Collection entries

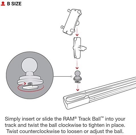 Designed for track mounting systems including the RAM Tough-Track; includes 1″ B size rubber ball
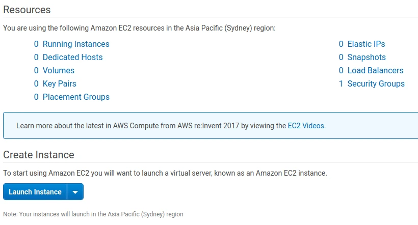 I already have an AWS account, although I haven’t used it in a while. You can see my 0 EC2 instances below:
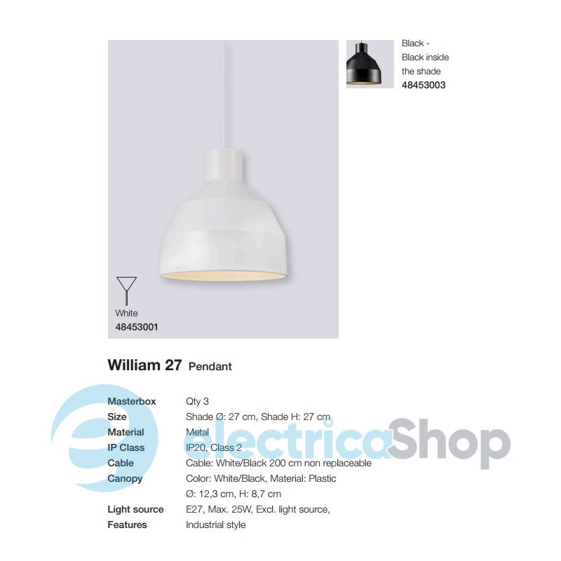 Підвісний світильник Nordlux WILLIAM 27 48453003 матиме гарний вигляд у сучасному інтер'єрі, доповнить простір над робочим столом або обідньою зоною. Чудово поєднується зі стилістикою мінімалізм та модерн. Довжина кабелю – 2 м.
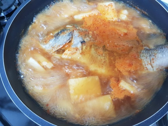 2. 손질한 도미를 넣고 양념장을 넣어줍니다. ^^
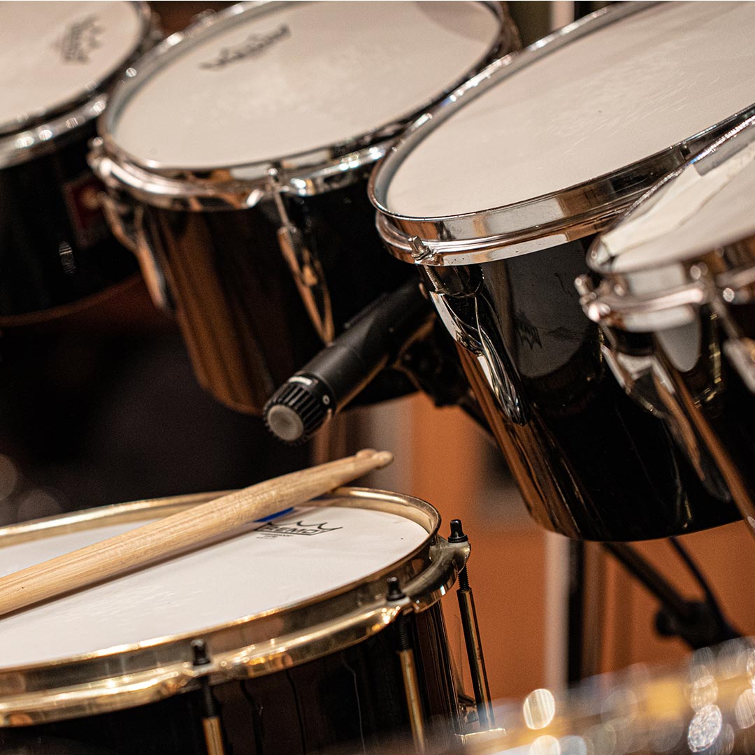 Sampled with snare wires on, using drumsticks and a felt kick drum beater.
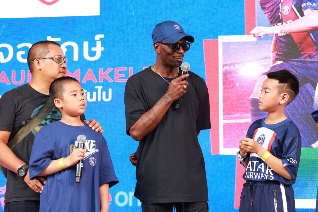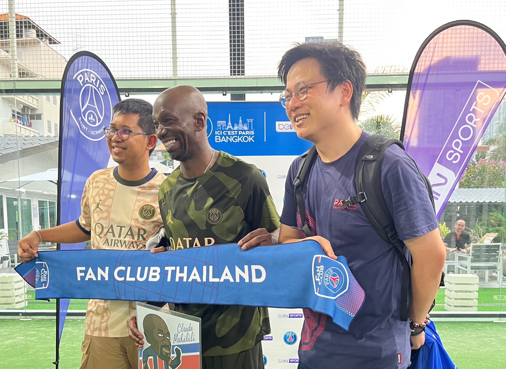 สำหรับบรรยากาศภายในงาน PSG Sawasdee BKK ณ สยามสแควร์วัน แฟนๆ ของ ปารีส แซ็งต์-แฌร์แม็ง แชมป์ ลีก เอิง ฤดูกาลที่ผ่านมา ต่างไม่พลาดเดินทางร่วมงานกันอย่างคึกคัก โดยไฮไลท์ โคล้ด มาเกเลเล่ อดีตผู้เล่นเปแอ็สเฌ และแข้งระดับตำนานของทีมชาติฝรั่งเศส ได้มาปรากฏตัว พร้อมพูดคุยอย่างใกล้ชิด โดยเผยว่า “รู้สึกตื่นเต้นและดีใจที่ได้มาเจอแฟนฟุตบอลที่ประเทศไทย ถือว่าเป็นการมาเยือนเป็นครั้งที่ 2 ผมประทับใจการต้อนรับของคนไทย ที่มีความเป็นกันเอง น่ารักและอบอุ่น“
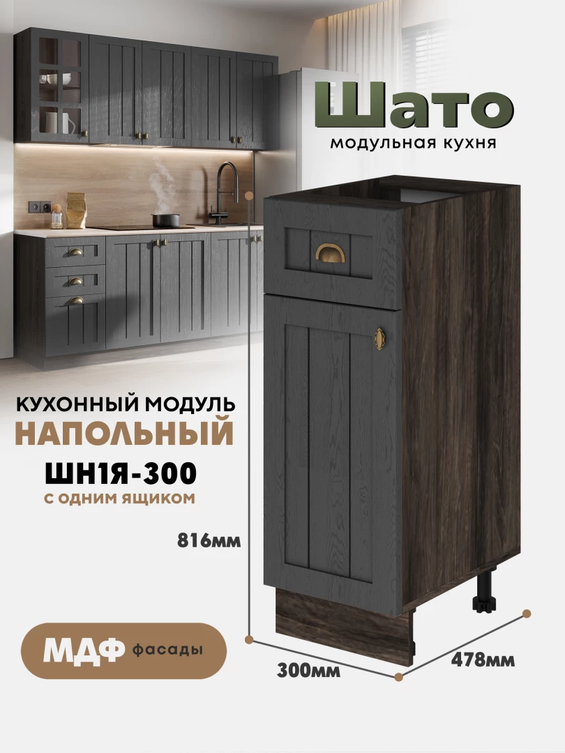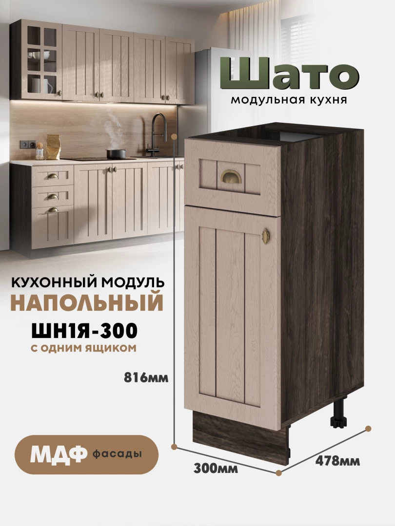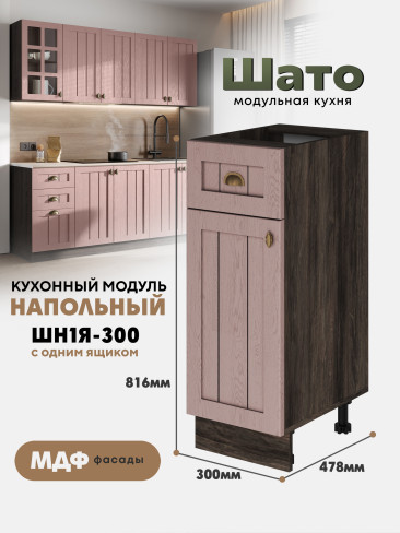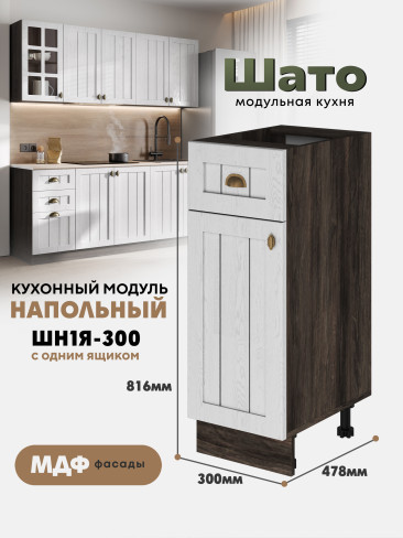Кухонный напольный модуль ШН1Я 300 с ящиком и дверкой «Шато» Ликата — это компактный и практичный элемент коллекции «Шато», выполненной в стиле «деревенского шика». Лаконичный дизайн и тёплый оттенок «Ликата» создают атмосферу уюта и гармонии, делая кухню максимально функциональной.

EXERCISE OBJECTIVE → From the first line above down to the line with "2. 손질한 도미를 넣고 양념장을 넣어줍니다. ^^", reproduce every line and no others, omitting pictures.

SOLVED EXERCISE →
 Designed for track mounting systems including the RAM Tough-Track; includes 1″ B size rubber ball
 I already have an AWS account, although I haven’t used it in a while. You can see my 0 EC2 instances below:
 Підвісний світильник Nordlux WILLIAM 27 48453003 матиме гарний вигляд у сучасному інтер'єрі, доповнить простір над робочим столом або обідньою зоною. Чудово поєднується зі стилістикою мінімалізм та модерн. Довжина кабелю – 2 м.
 2. 손질한 도미를 넣고 양념장을 넣어줍니다. ^^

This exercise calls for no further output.